A recent development, termed prime editing, provides a flexible platform for DNA editing, allowing for all base-to-base conversions, insertions or deletions, without the need of a DSB or donor DNA, and with lower off-target activity than Cas9 (see the figure, panel c)[110]. The prime editor consists of nCas9 fused to a reverse transcriptase, which is guided to its target by a prime editing guide RNA (pegRNA). In addition to the target sequence, the pegRNA contains a reverse transcriptase template (RT template) for the desired edit, preceded by a primer-binding site. The primer-binding site hybridizes to the nicked target DNA, and the RT template dictates the sequence of the new edited DNA. Prime editing and base editing methods could both potentially be used for genetic interaction mapping in mammalian cells, but the editing efficiency is not yet high enough for robust application[112].

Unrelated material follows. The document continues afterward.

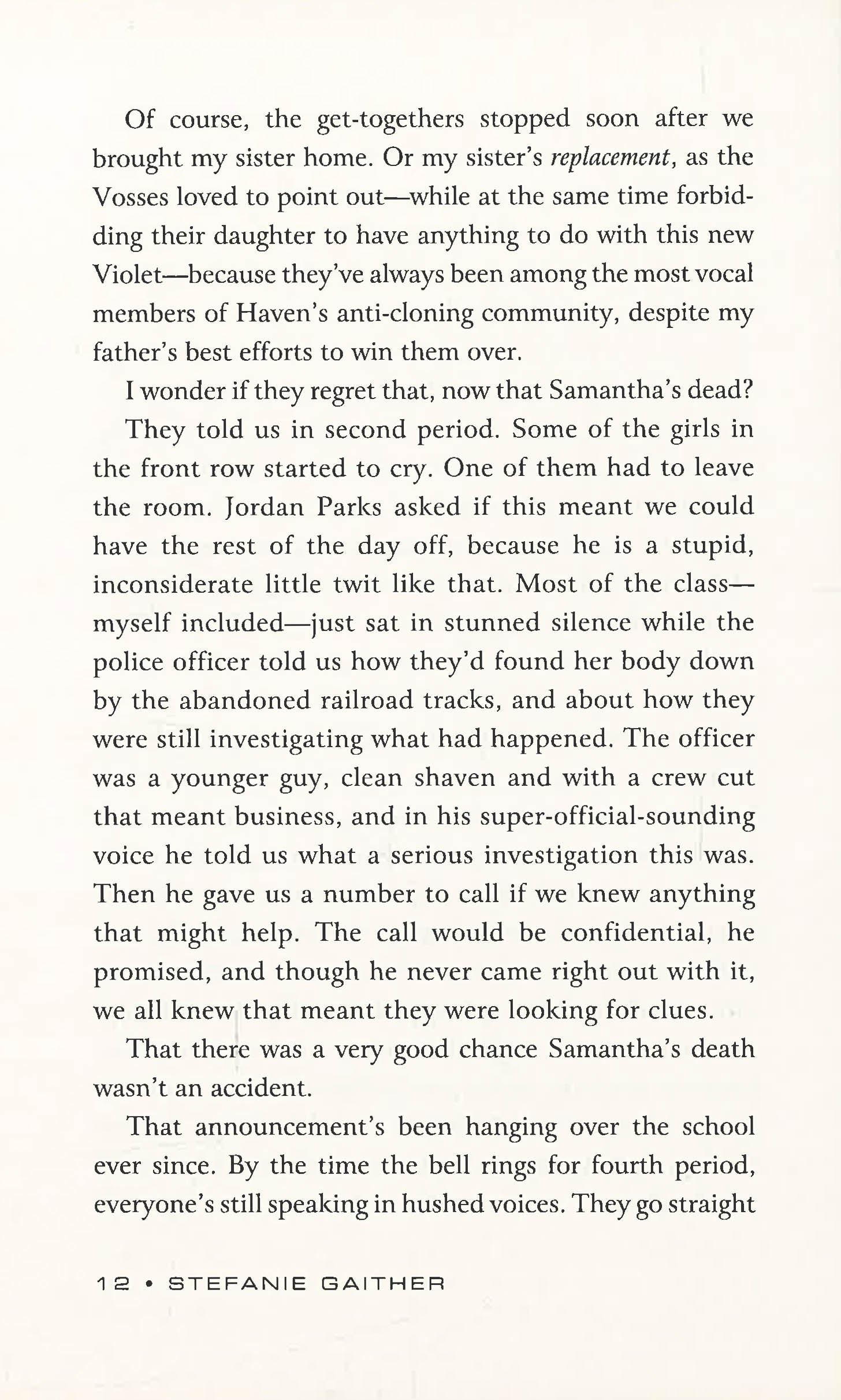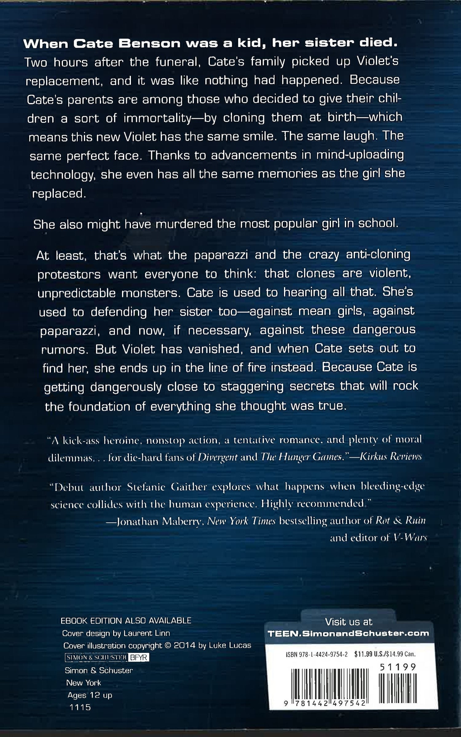 Cate's sister may be a clone, but that doesn't make her a killer. Does it? Murder, morality, and a slow-burning romance fill the pages of this futuristic thriller "for die-hard fans of Divergent and The Hunger Games" (Kirkus Reviews). When Cate Benson was a kid, her sister, Violet, died. Two hours after the funeral, Cate's family picked up Violet's replacement like nothing had happened. Because Cate's parents are among those who decided to give their children a sort of immortality by cloning them at birth--which means this new Violet has the same face. The same perfect smile. She even has all of the same memories as the girl she replaced. She also might have murdered the most popular girl in school. At least, that's what the paparazzi and the anti-cloning protestors want everyone to think: that clones are violent, unpredictable monsters. Cate is used to hearing all that. She's used to defending her sister, too. But Violet has vanished, and when Cate sets out to find her, she ends up in the line of fire instead. Because Cate is getting dangerously close to secrets that will rock the foundation of everything she thought was true.

In budding yeast, which is more tractable for genome editing than mammalian cells, a CRISPR–Cas9-based method was recently developed for multiplexed genome editing in a pooled fashion, allowing for the rapid measurement of point mutant chemical–genetic interactions (see the figure, panel d)[108]. Here, guide–donor plasmids are first generated, which contain the desired sequence of donor DNA, combined with a barcode and guide sequences to direct the edit and barcode integration. The plasmids are transformed into Cas9-expressing yeast cells, resulting in genomically edited cells with the corresponding barcode integrated. Cells are grown in a pooled format and exposed to a large number of different conditions. Barcodes are counted via sequencing, and chemical–genetic interactions are quantified based on enrichment or depletion of each mutant in treated versus untreated conditions. This method would allow for proteome-wide measurement of chemical–genetic interactions for protein complex subunits, thereby providing the data required for global structural modelling of the budding yeast protein interactome.

Conclusions

Structural modelling of proteins and protein complexes using genetically derived restraints lies at the intersection of network biology and structural biology. Until recently, these major areas of research were disparate and had little overlap. Network biology provided a large-scale systems view of interactions within and between cellular processes, whereas structural biology supplied structures of individual proteins and complexes, typically derived in vitro. Genetics-based structural modelling uses spatial restraints derived from functional data, such as coevolution or genetic interactions, to compute structural models. The methods are efficient and low cost, and enable structural characterization of protein interaction interfaces, with a potential to cover entire protein–protein interactomes, including those of host–pathogen systems. These techniques are not meant to replace traditional structural biology methods, which remain the gold standard in terms of resolution. Instead, the orthogonal datasets produced by genetics-based modelling are primed to complement traditional structural biology methods to provide a more accurate and complete description of the structures of proteins in vivo.